How can a blackbird be white? It’s actually not that uncommon

Blackbirds topped the list of a British ‘abnormal plumage’ survey, at over 40%

White blackbird. Illustration: Michael Viney

White blackbird. Illustration: Michael Viney


There are one or two causes for it, but the late-summer disappearance of our garden birds dismayed me more than usual.

Apples on topmost branches were left waiting for their usual blackbird excavation, and the elder tree was drooping with untouched fruit. Our first flycatchers had long vanished and the swallows left far too early, finding midges scarce in the sky. At September’s end I watched a blue tit moving busily between the bells of fuchsia, plumbing each for nectar. Was it missing its quota of spiders and flies or just indulging its notorious sweet tooth in any month of the year?

“Where have all the birds gone?” is a familiar seasonal query to Eye on Nature. It comes often from readers unfamiliar with the nesting birds’ need to moult well-worn feathers once the hard work of breeding and feeding is done.

Wing-feathers are best changed in hiding and in keeping mum for weeks. And many of their young no longer hang about hopefully, but fly off to hedgerows new. Then there are days of stillness and silence, except for the whisper of the sea.

What I missed most were the sight and sound of blackbirds, their special screech of alarm at my passage down the garden path.

Once their young stop bothering them, adult blackbirds change all their feathers, starting as early as July. Their offspring change their fledgling feathers too, their donning of long trousers beginning with the body and wings and ending with the head. This lasts about five weeks and the slow changes on the head can leave the young birds looking ragged and bare in late summer.

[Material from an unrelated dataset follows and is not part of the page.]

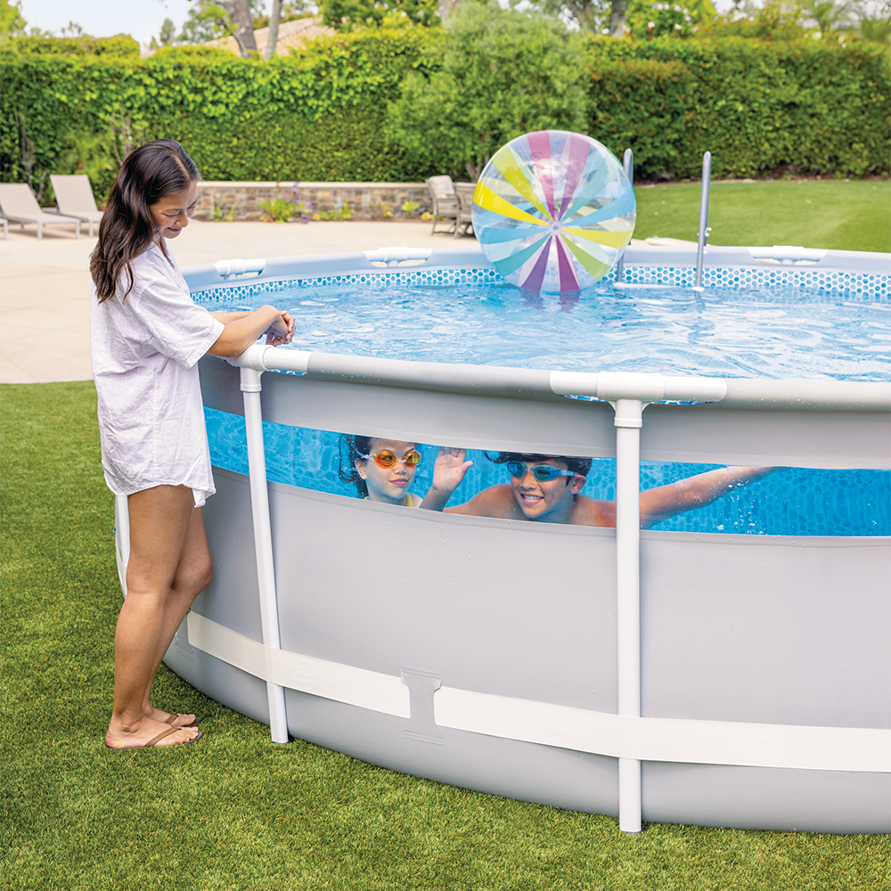 Sa grande bande transparente panoramique offre une vue sous l’eau depuis l’extérieur comme depuis l’intérieur du bassin. Un effet visuel original qui amuse les enfants et rend chaque baignade plus interactive. Avec son diamètre de 4,27 m et sa hauteur de 1,07 m, elle propose des dimensions idéales pour profiter d’un bel espace de baignade tout en s’intégrant facilement dans votre jardin.

It was only in the last days of September that I noticed blackbirds at all – a couple furtively on the move through the fuchsia bush outside my study window. And next day there was a fine glossy male on the path, clearly restored from his lockdown.

White blackbird

What of the bright, white blackbird in my painting, conjured from a sighting more than 30 years ago? Tipped off by a friendly folklorist and racing on my bike, I duly located the changeling along a boreen near the sea.

It was hiding, if that’s the word, in a sombre winter hawthorn, where its pallor played unexpected tricks with size and shape. As one might be thrown, say, at the sight of a scarlet seagull, the bird’s blazing whiteness, its silky gleam in the low winter sun, seemed to demand some exotic explanation. But the fan of its tail and its “chink” of alarm was pure blackbird.

I was, of course, many thousands from the first to marvel at a snowy blackbird, Pliny told of them shown in Rome. And in the weighty Birds of Ireland of 1900, Richard Ussher wrote of having seen “a pure white specimen” in his forestry plantations and noted that “white and pied examples of this bird are particularly frequent.”

Pied blackbirds, patched with white, are indeed quite regularly reported to Eye on Nature. And in the UK, in 2011, the British Trust for Ornithology launched an “abnormal plumage” survey, inviting responses from the watchers of garden birds.

After nearly 3,000 records, this witness to weirdness embraced 58 different species, a remarkable total even allowing for Britain’s greater range of garden birds. Blackbirds topped the list, at more than 40 per cent. House sparrows came next, followed by jackdaw and carrion crow.

All these dark birds were marked with strange white feathers, but other species included a chaffinch with a green crown, a siskin with slate-grey wings and a primrose-yellow blue tit.

Progressive greying

What white-patched dark birds have in common is a local lack of cells producing melanin, the pigment of black and brown feathers. This marks them as “leucistic”, a heritable condition. More than three-quarters of the garden sightings were of leucistic birds, including an all-white dunnock.

Particularly common in blackbirds is a kind of acquired leucism the British trust calls “progressive greying”, in which the bird’s white feathers increase with every moult. So my blackbird in the hawthorn could have survived a few winters of Mayo’s whistling gales.

Albinism, a genetic mutation, turns the whole bird white (there’s no such thing as a “partial albino”) unless it has some carotene, the pigment of reds and yellows, in its normal plumage. An albino adult goldfinch, the British trust suggests, would still have its red face and gold wing bars. And my leucistic white cock blackbird, with an adequate carotene quota, had kept his yellow bill.

Albinism leaves the eyes pink, their blood visible through colourless tissue (a white blackbird with dark eyes is leucistic).

Most albino birds die soon after fledging. Not only are they conspicuous, but, through poor eyesight, they don’t see the sparrowhawk first.